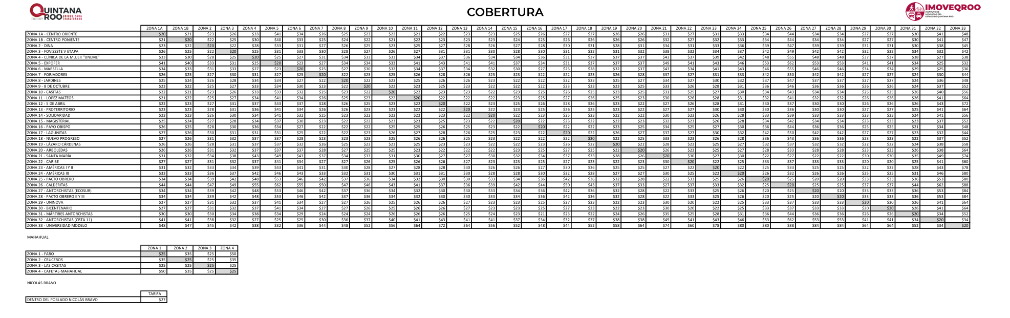 Costo de tarifas
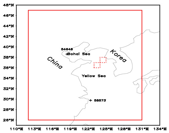 In this study, a sea fog process in the Yellow Sea and Bohai Sea on 21 January 2013 was selected. To carefully analyze the evolution process of this sea fog case, the Weather Research and Forecasting (WRF) model was employed. Figure 1 shows the main simulation area with 3 km resolution, the buoy observation stations, and two key regions for analyzing the differences in sea fog formation and evolution mechanism.
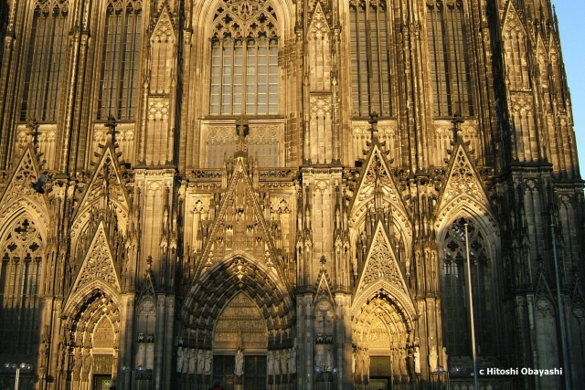 ケルンはベルリンとパリの中間点に位置し、両都市とは直通列車で結ばれています。ドイツ鉄道DBのケルン中央駅を出ると、無意識のうちに視線は上を向いてしまうようです。駅前の広場の真正面には巨大な聖堂が聳え立っているのですから、極めて自然なアクションということができます。
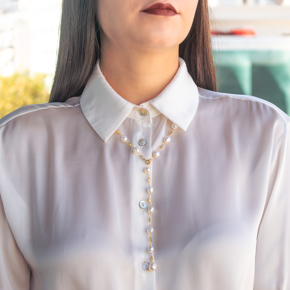 Το κολιέ εντυπωσιάζει με το σχέδιό του, καθώς το κούμπωμα κλείνει σε όποιο σημείο της αλυσίδας επιθυμείτε έτσι ώστε να μπορείτε να το προσαρμόζετε στο μήκος που σας αρέσει και να φορεθεί σαν γραβάτα ή κρεμαστό μοτίφ ή ένα πολύ μεγάλο κολιέ.
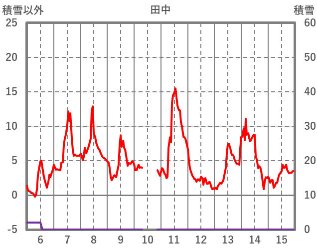 | 日 | 時 | 気温 | 降水 | 風向/風速 | 日照 | 積雪 | 降雪 |
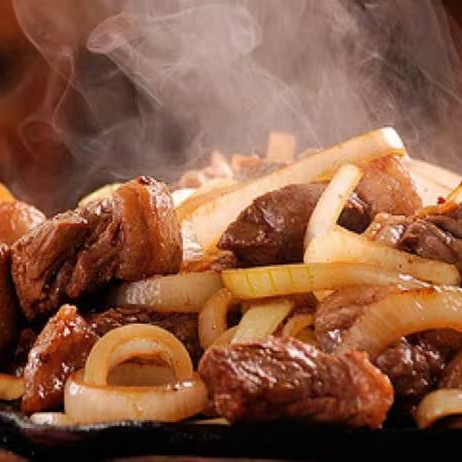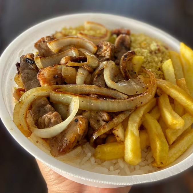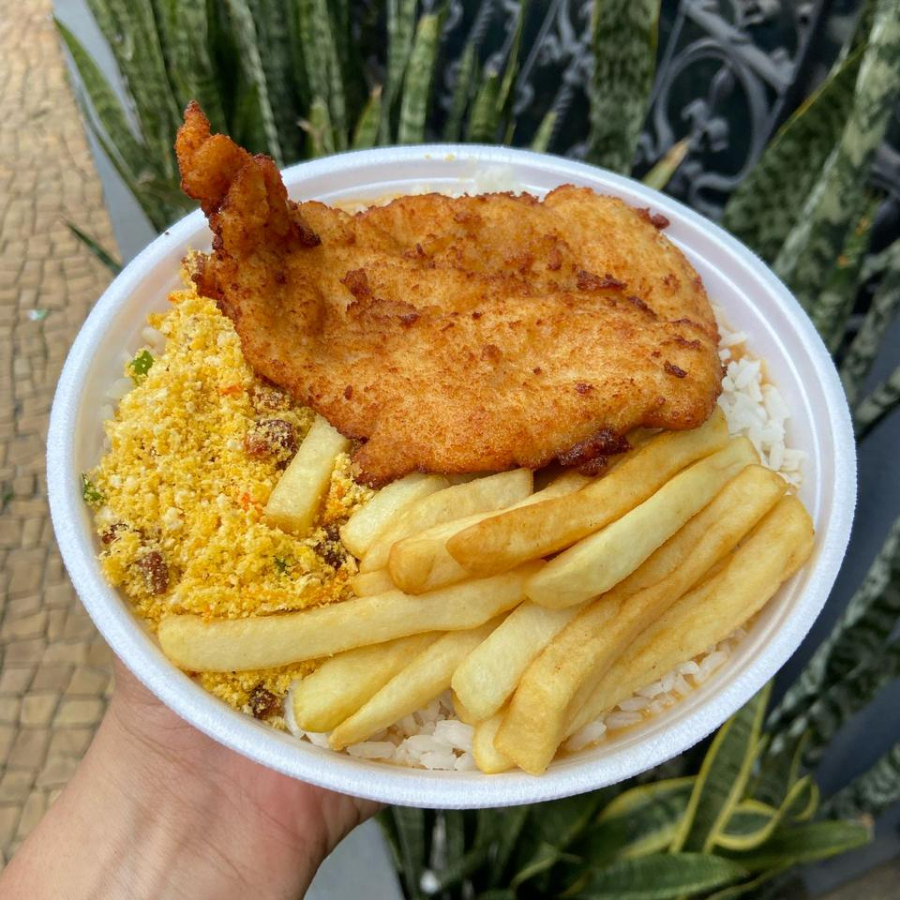 Arroz branco, Feijão, Batata frita e Contra Filé acebolado
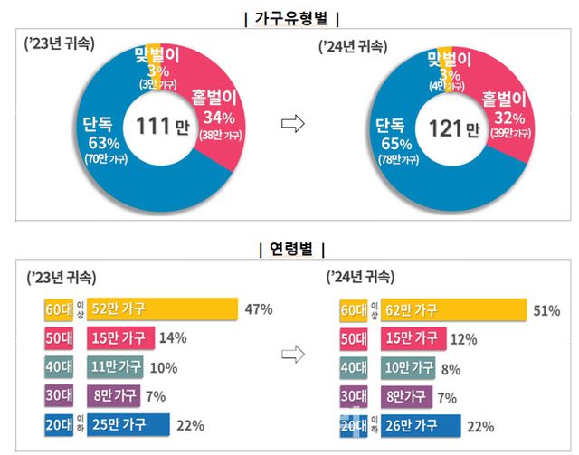 가구 유형별로는 1인 가구 증가에 따라 단독가구가 78만(64.8%)으로 가장 많다. 이어 홑벌이가구 39만(31.9%), 맞벌이가구 4만(3.3%) 가구 순이다. 연령기준으로는 △60대 이상(51.0%) △20대 이하(21.8%) △50대(12.3%) △40대(8.4%) △30대(6.5%) 순이다.
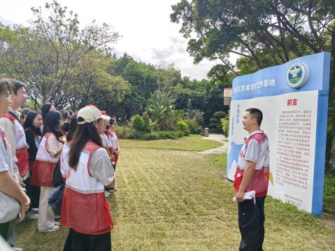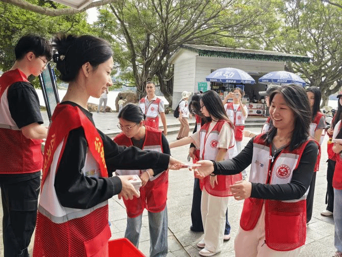 活动当天,学生党员早早抵达大夫山森林公园入口,合影留念后,他们在黄站长和邹站长的引导下,迅速融入活动氛围,换上了志愿者的背心,准备全身心投入到接下来的志愿服务体验中。
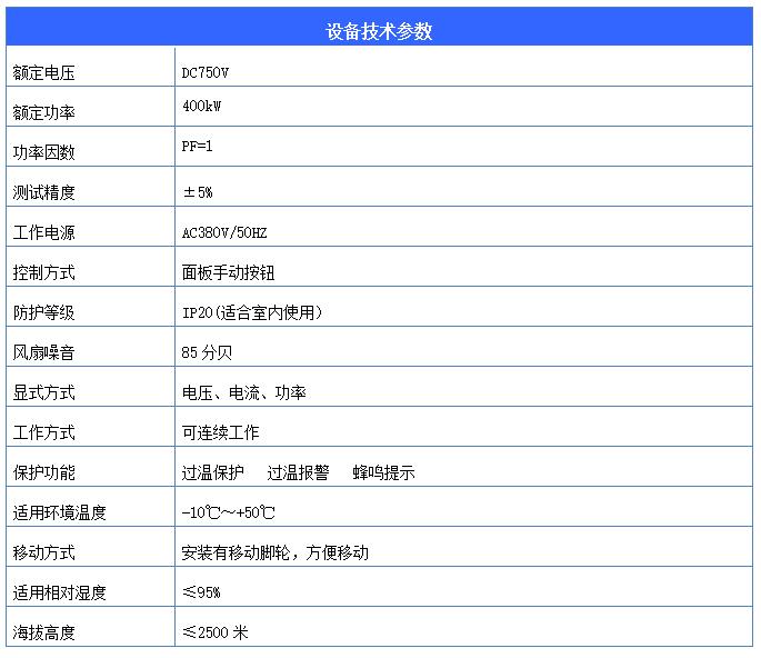 產(chǎn)品規(guī)格:VILVA-DC750V-400KW-R直流大功率負(fù)載箱
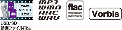 DVDビデオ、CD、大容量SDXCカード、USBメモリなど、さまざまなメディアの再生が可能。身近なMP3から高音質なハイレゾ、動画ファイルなどに幅広く対応しています。
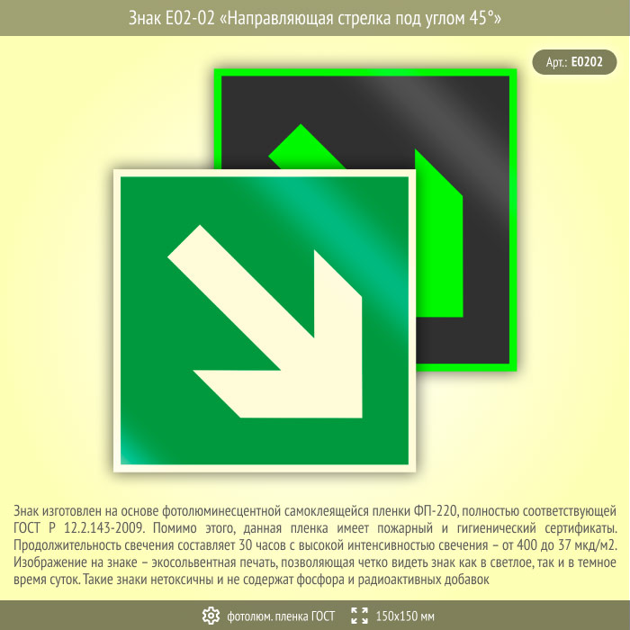 Знак E02-02 «Направляющая стрелка под углом 45°» (фотолюминесцентная пленка ГОСТ 34428-2018, 150х150 мм) в Москве купить
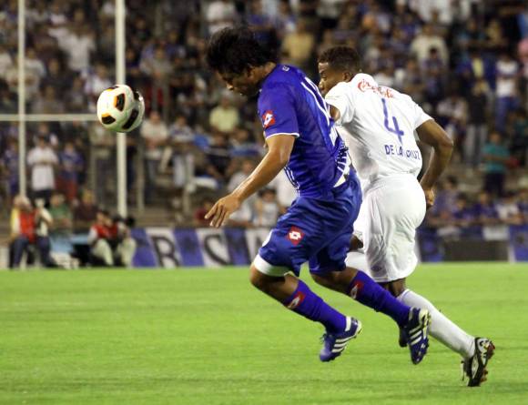 Godoy Cruz se fue en ventaja al descanso porque fue superior a su encumbrado adversario. De a poco el equipo del uruguayo Jorge Da Silva acorraló a los ecuatorianos y logró la apertura del tanteador. A los 16 minutos, Rubén Ramírez desbordó por la izquierda y envió el centro rasante. El rechazo a medias le quedó a Carlos Sánchez, quien dispuso de tiempo para acomodarse y acertar de derecha.
+ + + +
**Task to carry out**
From the first line to the last, set down the records exactly, leaving out images.

**Answer to the problem**
 Costo de tarifas
 In this study, a sea fog process in the Yellow Sea and Bohai Sea on 21 January 2013 was selected. To carefully analyze the evolution process of this sea fog case, the Weather Research and Forecasting (WRF) model was employed. Figure 1 shows the main simulation area with 3 km resolution, the buoy observation stations, and two key regions for analyzing the differences in sea fog formation and evolution mechanism.
 ケルンはベルリンとパリの中間点に位置し、両都市とは直通列車で結ばれています。ドイツ鉄道DBのケルン中央駅を出ると、無意識のうちに視線は上を向いてしまうようです。駅前の広場の真正面には巨大な聖堂が聳え立っているのですから、極めて自然なアクションということができます。
 Το κολιέ εντυπωσιάζει με το σχέδιό του, καθώς το κούμπωμα κλείνει σε όποιο σημείο της αλυσίδας επιθυμείτε έτσι ώστε να μπορείτε να το προσαρμόζετε στο μήκος που σας αρέσει και να φορεθεί σαν γραβάτα ή κρεμαστό μοτίφ ή ένα πολύ μεγάλο κολιέ.
 | 日 | 時 | 気温 | 降水 | 風向/風速 | 日照 | 積雪 | 降雪 |
 Arroz branco, Feijão, Batata frita e Contra Filé acebolado
 가구 유형별로는 1인 가구 증가에 따라 단독가구가 78만(64.8%)으로 가장 많다. 이어 홑벌이가구 39만(31.9%), 맞벌이가구 4만(3.3%) 가구 순이다. 연령기준으로는 △60대 이상(51.0%) △20대 이하(21.8%) △50대(12.3%) △40대(8.4%) △30대(6.5%) 순이다.
 活动当天,学生党员早早抵达大夫山森林公园入口,合影留念后,他们在黄站长和邹站长的引导下,迅速融入活动氛围,换上了志愿者的背心,准备全身心投入到接下来的志愿服务体验中。
 產(chǎn)品規(guī)格:VILVA-DC750V-400KW-R直流大功率負(fù)載箱
 DVDビデオ、CD、大容量SDXCカード、USBメモリなど、さまざまなメディアの再生が可能。身近なMP3から高音質なハイレゾ、動画ファイルなどに幅広く対応しています。
 Знак E02-02 «Направляющая стрелка под углом 45°» (фотолюминесцентная пленка ГОСТ 34428-2018, 150х150 мм) в Москве купить
 Godoy Cruz se fue en ventaja al descanso porque fue superior a su encumbrado adversario. De a poco el equipo del uruguayo Jorge Da Silva acorraló a los ecuatorianos y logró la apertura del tanteador. A los 16 minutos, Rubén Ramírez desbordó por la izquierda y envió el centro rasante. El rechazo a medias le quedó a Carlos Sánchez, quien dispuso de tiempo para acomodarse y acertar de derecha.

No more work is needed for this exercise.